Luckily, he wasn’t going fast enough to slide. But after two Halloweens under the threat of a serial killer who wasn’t shy about performing decapitations, seeing a head-sized object tumble into his path was all the stimulant he would need for a few hours.
It was just a pumpkin, but that offered little reassurance. Surely no Devil’s Night tricksters were dedicated enough to wait out here in the rainy woods on the outskirts of town just to toss a pumpkin in front of a county cruiser.
Still—Everett Geelens.
On this section of road, fields lay to the left, while woods lined the right side. The pumpkin had come from the right.

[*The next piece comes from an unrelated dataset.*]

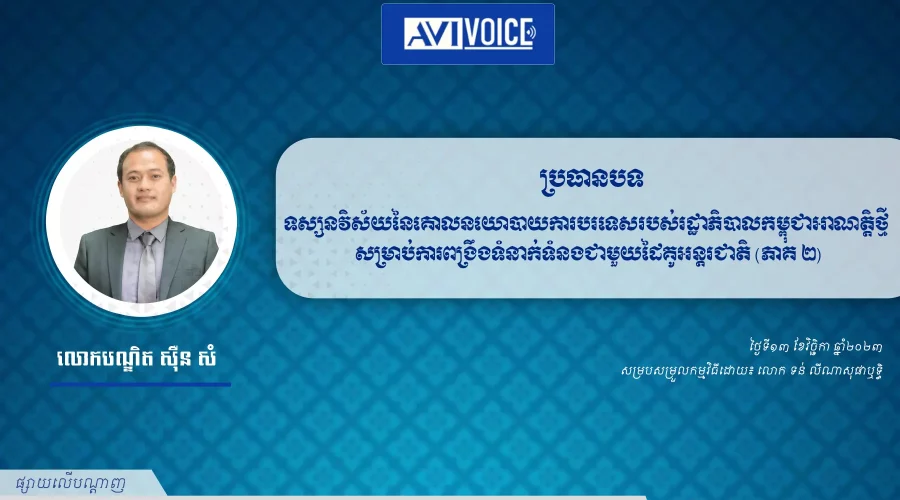 ដើម្បីផ្សព្វផ្សាយអំពីគោលជំហរឯករាជ្យនិងអព្យាក្រឹត្យរបស់កម្ពុជា រាជរដ្ឋាភិបាលនីតិកាលទី៧ គួរតែផ្តោតលើការរក្សាតុល្យភាពអំណាចរវាងមហាអំណាចចិននិងសហរដ្ឋអាមេរិក បង្កើនការចូលរួមនិងកសាងយន្តការដោះស្រាយជម្លោះជាមួយនឹងសហគមន៍អន្តរជាតិ និងចូលរួមកាន់តែសកម្មភាពបន្ថែមទៀតក្នុងកិច្ចសហប្រតិបត្តិការថែររក្សាសន្តិភាពនិងដោះស្រាយបញ្ហាសន្តិសុខមិនប្រពៃណី។ កម្ពុជាត្រូវការកសាងនយោបាយការបរទេសនិងយុទ្ធសាស្រ្តការទូតដែលមានភាពវ័យឆ្លាត ឯករាជ្យ បត់បែននិងគោរពតាមគោលការណ៍ច្បាប់អន្តរជាតិ។ កម្ពុជាប្រឆាំងដាច់ខាតរាល់ការវាយប្រហារ ឬអំពើហឹង្សាណាមួយដែលរំលោភលើអធិបតេយ្យភាពប្រទេសណាមួយ ឬប៉ះពាល់ដល់អាយុជីវិតប្រជាជន ជាអាទិ៍ នៅក្នុងបញ្ហាសង្រ្គាមនៅអ៊ុយក្រែន កម្ពុជាគឺជាប្រទេសដែលសកម្ម និងជាសហស្ថាបនិកសេចក្តីថ្លែងការណ៍ថ្កោលទោសការវាយប្រហាររបស់រុស្សី និងអំពាវនាវអោយមានបទឈប់បាញ់និងការចរចារដោយសន្តិភាព។

Putting his car in park, Hudson drew his revolver. After a moment’s thought, he reholstered it and took the shotgun from its bracket. Opening his door, he stood up and shone his spotlight all around the vehicle’s perimeter and into the woods from which the pumpkin had tumbled, then back to the squash. It was as far as the beam, diffused by fat raindrops and haze, would reach.
Hudson stepped out. “Sheriff’s Department! Who’s up there?”
Only the sound of rain answered.
“I’m armed!”
“Somebody’s gonna come up on this and brake too hard,” Hudson mumbled to himself. “Have themselves an accident.”
Hudson went to the pumpkin. Thinking again of Everett Geelens, he prayed it was not, say, hollowed out and filled with intestines.
Kicking it gently, Hudson was, despite his preparedness, shocked when it rolled over. He reflexively stepped back with a yelp, keeping his eyes on it to be sure he wasn’t imagining what he saw.
Human features—distorted and devious.
The pumpkin had a face. And it grinned at him, spreading lumpy lips to show ghost-white baby teeth.
Brown eyes, complete with sclera, iris and pupil, blinked.
Tendrils extended from its stem, working to move the abomination.
Hudson raised his shotgun and fired. The pellets sparked off the pavement as the pumpkin leaped out of the way, deft as a black widow.
“Dammit!” Hudson shouted.
There was no sign of the thing anywhere, yet his instincts told him it was just out of sight, in the dark beyond the headlight beam. He swiveled and took one step toward his cruiser, then realized the thing could have crawled underneath it, where it waited to ensnare him with those viney tentacles.
Hudson cradled his shotgun and leaned to shine his flashlight under the cruiser. The beam danced madly as the little demon leaped from the dark and bit into him.
Hudson dropped the shotgun, stunned by the stinging, sharp pain of tiny incisors sinking into his forearm. He wildly shook and swung his arm to throw it off, realizing quickly it wasn’t going anywhere.
Hudson punched the orange goblin in the “face,” landing three solid blows before it dropped off. Hudson spun to find the shotgun. It lay steaming at the edge of his headlight beam. The bugger could be just a foot beyond, and he wouldn’t be able to see it.
Hudson drew his handgun and pressed it side by side with the flashlight, listening for any scrabbling or scratching sounds or…
“Hell with it.” Hudson decided to leave the shotgun. He got in the cruiser and reverse-turned hard. His heart sank along with the car’s rear end, as it slid violently into the deep ditch at the road’s edge.
“Son of a bitch!”
Though he knew it was pointless, Hudson pushed the gas, then tried alternately gunning and letting off to try and rock it out, cursing when he felt the rear sink deeper than before.
He lifted the scanner radio microphone, preparing to call dispatch, when a sibilance—scrabbling, scratching, skittering—passed across the roof, barely louder than the rain.